5. Financial Disclosure
5.1 Purpose of Financial Disclosure Requirements
62. The purpose of financial disclosure requirements is to facilitate competition by making transparentthe costs and revenues of Telecom's service areas, in order to identify whether:
- Telecom is using its natural monopoly services to subsidise its contestable activities or is treating itself more favourably than its competitors; and
- Telecom is charging excessive prices for its natural monopoly services, compared to costs.
5.2 Current Financial Disclosure Requirements
63. Section 3 of the Telecommunications (Disclosure) Regulations requires Telecom to disclose financial statements that must:
- include a profit and loss statement, a balance sheet, and a set of accounting principles;
- relate to Telecom Corporation of New Zealand's operating subsidiary Telecom New Zealand Ltd (which currently accounts for 86% of Telecom's total revenues);
- be published twice yearly, within three months of the end of the financial year, and within three months of the end of the first half of the financial year; and
- in the case of the financial statements published at the end of the financial year, be audited, comply with generally accepted accounting practices and the Eighth Schedule of the Companies Act 1955 (now interpreted to be a reference to the Financial Reporting Act 1993).
5.3 Analysis of the Current Financial Disclosure Requirements
64. The original intention of the financial disclosure requirements in 1990 was to highlight any excess prices that Telecom may charge on local telephony services, which were expected to retain natural monopoly characteristics for some time.
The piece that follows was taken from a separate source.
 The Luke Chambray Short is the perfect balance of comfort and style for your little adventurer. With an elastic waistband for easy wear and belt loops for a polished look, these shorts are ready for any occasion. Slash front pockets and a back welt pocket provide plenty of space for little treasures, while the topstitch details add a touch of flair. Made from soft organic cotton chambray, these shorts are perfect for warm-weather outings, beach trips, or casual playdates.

Telecom at the time operated its local services and a limited number of other services through four regional operating companies (ROCs), while a number of other activities such as cellular services and international services were provided through different entities. The regulations originally brought into effect in 1990 accordingly applied to Telecom's ROCs only.
65. In February 1993, Telecom announced a restructuring which involved merging the four ROCs, Telecom Networks and Operations Ltd, Telecom Equipment Supplies Ltd, Telecom Repair Services Ltd, the national telephone operations office and the functions of the corporate office into a new legal entity, Telecom New Zealand Ltd.
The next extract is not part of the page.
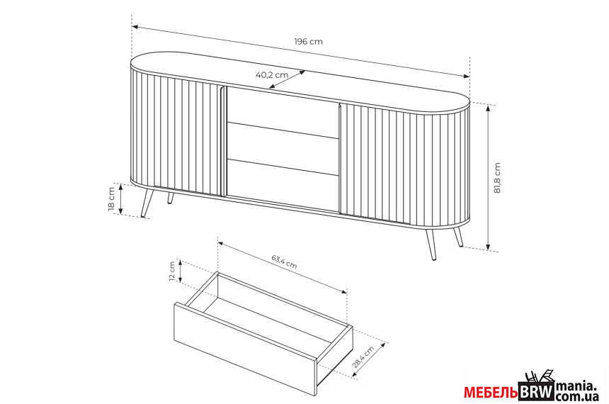 - Габариты (Д × Г × В): 196 × 40 × 81 см

66. A review was undertaken of the disclosure regulations, triggered by this merger. As a result of the review, the Government agreed that the financial disclosure regulations should now apply to Telecom New Zealand Ltd, as the entity most closely corresponding to provision of Telecom's local loop services. Consideration was given to more elaborate accounting separation on certain services of Telecom, but as a result of cost and complexity factors, it was decided only to require disclosure of Telecom New Zealand Ltd's financial statements.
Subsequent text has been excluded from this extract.